Mastercard to raise card-not-present interchange for U.K. cards used at EU shops

In a post-Brexit move, Mastercard is raising interchange rates for card-not-present transactions on U.K.-issued cards when spent with European merchants.

The new interchange rates will become effective October 15, 2021 for cards used at merchants within the with European Economic Area, which is defined as the member states of the EU plus three of the four European Free Trade Association (Iceland, Liechtenstein and Norway).

The rates for card-not-present transactions will rise to 1.5% for credit, up from 0.3%; and 1.15% for debit, up from0.2% Interchange for U.K. cards used in-person in Europe and domestically will remain unaffected at 0.3% and 0.2% for credit and debit, respectively.

“In practice, only [European Economic Area] merchants making e-commerce sales to U.K. cardholders will see a change.

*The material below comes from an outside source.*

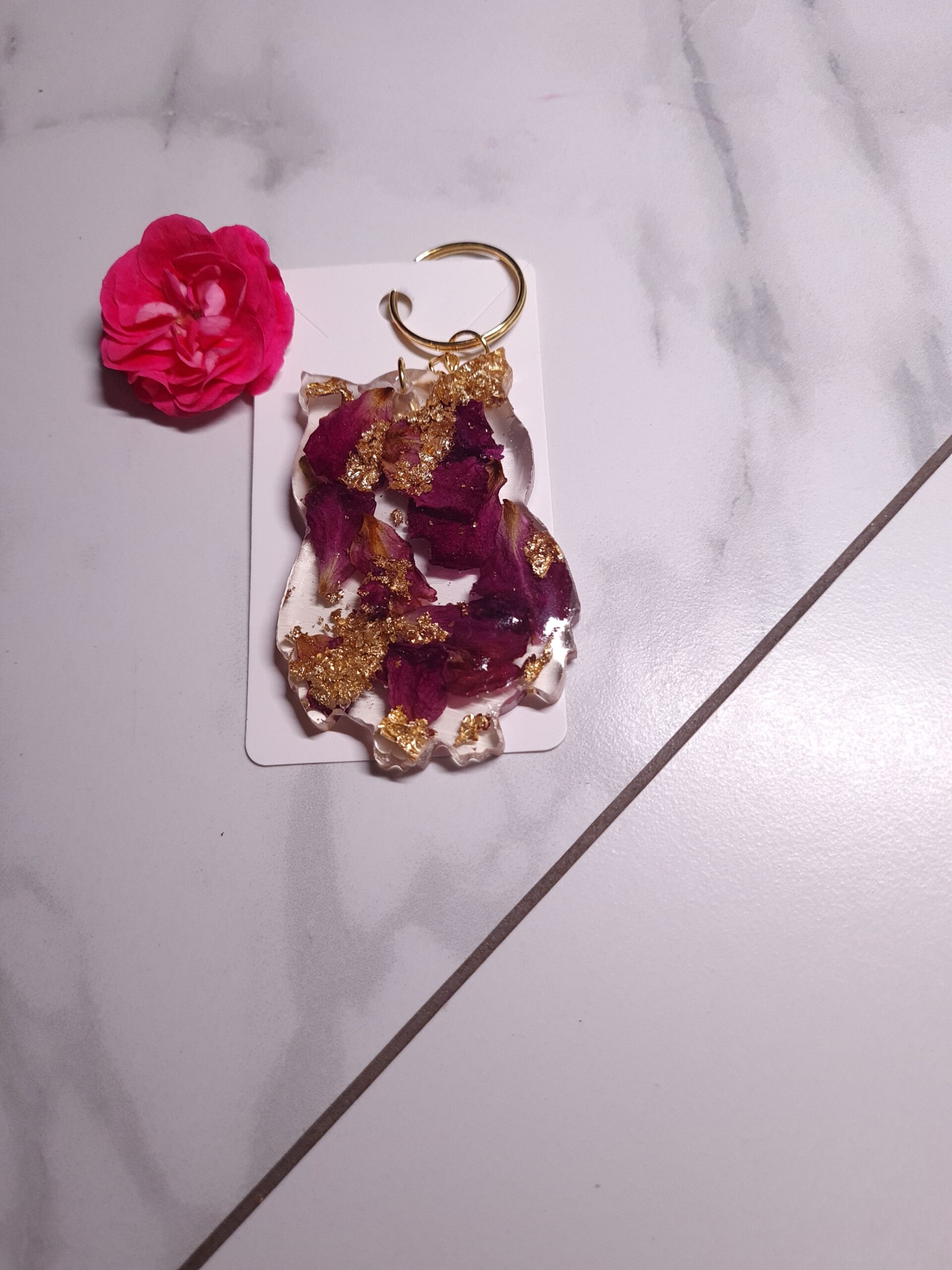 Materiał : żywica z zzatopionyi płatkami róż, breloczek z żelaza.

Interchange is not a consumer facing cost but the fees paid between merchants and banks for the provision of payments," Mastercard said in an emailed statement.

Mastercard
Bloomberg

Mastercard noted that the changes pertain only to interchange and that other fees are not changing.

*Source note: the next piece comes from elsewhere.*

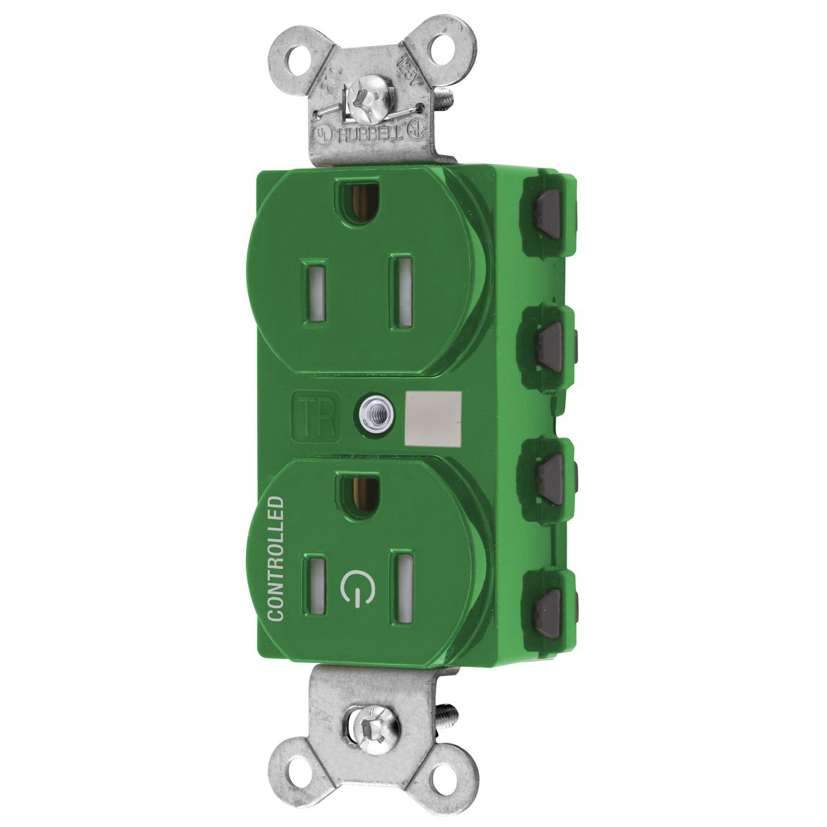 HUBBELL WIRING DEVICE-KELLEMS SNAP5262C1GNTRA Straight Receptacle, Controlled, 15A 125V, 2-Pole 3-Wire Grounding, Nylon, Green

Mastercard argues that the new rates for card-not-present transactions is the same rate European Economic Area merchants pay when they charge a sale to cards issued in the U.S., Russia or China.

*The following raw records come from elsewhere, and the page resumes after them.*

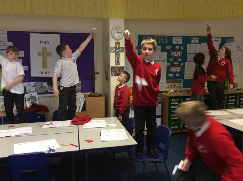 We experimented with paper spinners and then worked with our groups to decide on what we could change about them.  We are now going to choose one of the variables to change and investigate what happens.
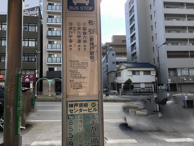 こちらが、三宮方面から阪急六甲方面に向かう市バスです。布引停留所で下車します。
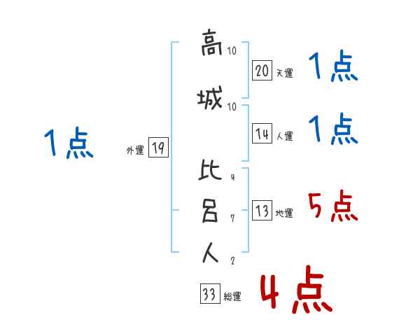高城比呂人さんの画数の鑑定結果

The interchange rate change comes at a time when Mastercard suffered a legal setback in December in a European court. In that case, the U.K. Supreme Court rejected Mastercard’s attempt to force individual lawsuits over claims that the card brand overcharged consumers and harmed competition for more than a decade.

The ruling grants class action status on a £14 billion (about $18.5 billion) interchange lawsuit that could include more than 46 million consumers in the U.K.